You'll need to move the sandpaper for each blank, the center will get worn out very quickly. (the same has been noted on the sandermills) You are only going to be using the very center 3/4s of an inch. whereas on a regular disc sander, you can mover the blank to use the entire surface without moving the paper.


Getting a lathe point to point isn't hard, but you are going to need the tailstock to perfectly perpendicular to the faceplate. This may not be nearly as easy to accomplish. As Daniel said, 1 degree off and it's a 2 degree effect on the blank.


----------



## Wheaties (Aug 14, 2009)

OK. HERE IT IS:

Tried it and I have to say it works VERY well. As Russianwolf mentioned, the sand paper wears out very fast and will need to be moved/replaced about every barrel. I had my lathe at 480 rpm and experienced no wobble. I did not turn the barrel I sanded, but it appears to be nearly perfect as far as squareness goes (as it should be). I think this would be a good finishing up way to square the blank as the sandpaper goes fast. I think I will use a disc sander free hand to get it close and this method to finish it off.


----------



## Daniel (Aug 14, 2009)

If I am picturing the two methods correctly. Ken is using the pen mill as a pen mill he has simply altered what the cutting edge is to sandpaper. the method by which the mill is then turned is not really an issue. the pilot of the mill is still directing the blank to an abrasive that is also mounted on the pilot.

in your case you are holding the blank with one instrument (tail stock) and the cutting surfaces (sandpapaer) with another instrument (headstock) the majority of the problems I see in your method are in assuring that these two instrumets are plumb level square and aligned to each other.

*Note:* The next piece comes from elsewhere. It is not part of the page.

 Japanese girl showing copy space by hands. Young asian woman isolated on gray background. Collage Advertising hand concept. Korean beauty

Of course there is nothing wrong with shop equipment being tweaked to best possible condition. and at the very worst you might end up with nothing more than knowing your lathe is top dollar aligned.




Wheaties said:


> One more thought before I actually try it:
> 
> How is the physics of it any different than what Ken did?
> http://www.penturners.org/forum/showthread.php?t=50071


----------



## Daniel (Aug 14, 2009)

Another issue but still on this topic, One issue I have with the pen mill. Particularly the 6 blade cutter head. is being able to see when you are at the edge of the brass tube. I have heard that using sandpaper, and I assume sandpaper by any method, that you are able to hear when you have reached the brass. is this true? I remember reading it only once and have never heard it mentioned again.


----------



## ldb2000 (Aug 14, 2009)

Why not save yourself all the extra work and just face your blanks on the lathe with a skew .


----------



## KenV (Aug 15, 2009)

When you get to fine tolerances, there is a need to control the sources of variation -- have a tail stock and head stock and keeping them into tolerances will be a challenge - and as some have noted, that is not a production solution.  

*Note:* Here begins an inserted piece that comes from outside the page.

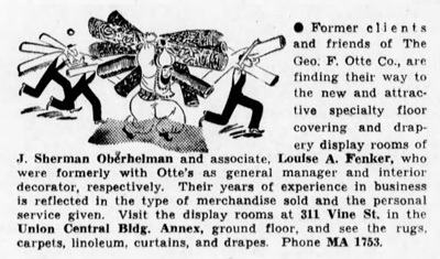 About 1937 she and J. Sherman Oberhelman, general manager, left the George F. Otte Co. and established a new business, at 311 Vine St.G. The business carried Oberhelman's name, but hers was prominently displayed as an associate in the firm's advertising.27,29,30

Machinists do not use precision process to hog off waste -  and different precision is done on different gear -  

Butch and others use the lathe with a skew -- great technique, especially for removal of extra stock -- roughing down, and the skill of the skew operator will determine the final product.  Great production technique and well capable of achieving good results.

Piloted end mills and pen mills have great control of the angle from the center line and provide nice technique for hard homogenous materials - and are subject to chatter and tearing with not-so-homogenous-material like wood and mixed materials.

Sandpaper milling is hard to get absolutly even so you tend to get a fly cutter effect - the highest point does most of the cutting so you get grooves unless somethng moves to level it out.  Sanding mills have the least of these and disk sanders have the most.  (yes I have mounted lots of sanding disks and have measured runout).  And making sure the table slot is exactly parallel to the disk on the cutting side takes time and gets knocked out of alignment easy on my gear.  (dial indicator against the sander plate)

Yes, I used the backwards mill to do final finish on a $50 puzzle blank and considered a 15 cent sandpaper disk (1 inch commercial product) a good investment in precison.  It was fast and easy. 

Can a head stock driven, pilot controlled sandpaper mill be built and used - yup -- but it will not need to be very large in diameter, and it will tend to use a lot of small pieces of sandpaper.  It should work as well as the backwards pen mill, or the sandpaper mills available if it is constructed to the same precision and controls.  

In the final choices, each has to decide "goodnuf" and that will vary with the product and market and personal choices.

As always YMMV -- (your milage may vary)


----------



## PTownSubbie (Aug 16, 2009)

ldb2000 said:


> Why not save yourself all the extra work and just face your blanks on the lathe with a skew .


 So when you do this method, how are you holding the blank? Is it between centers without bushings?


----------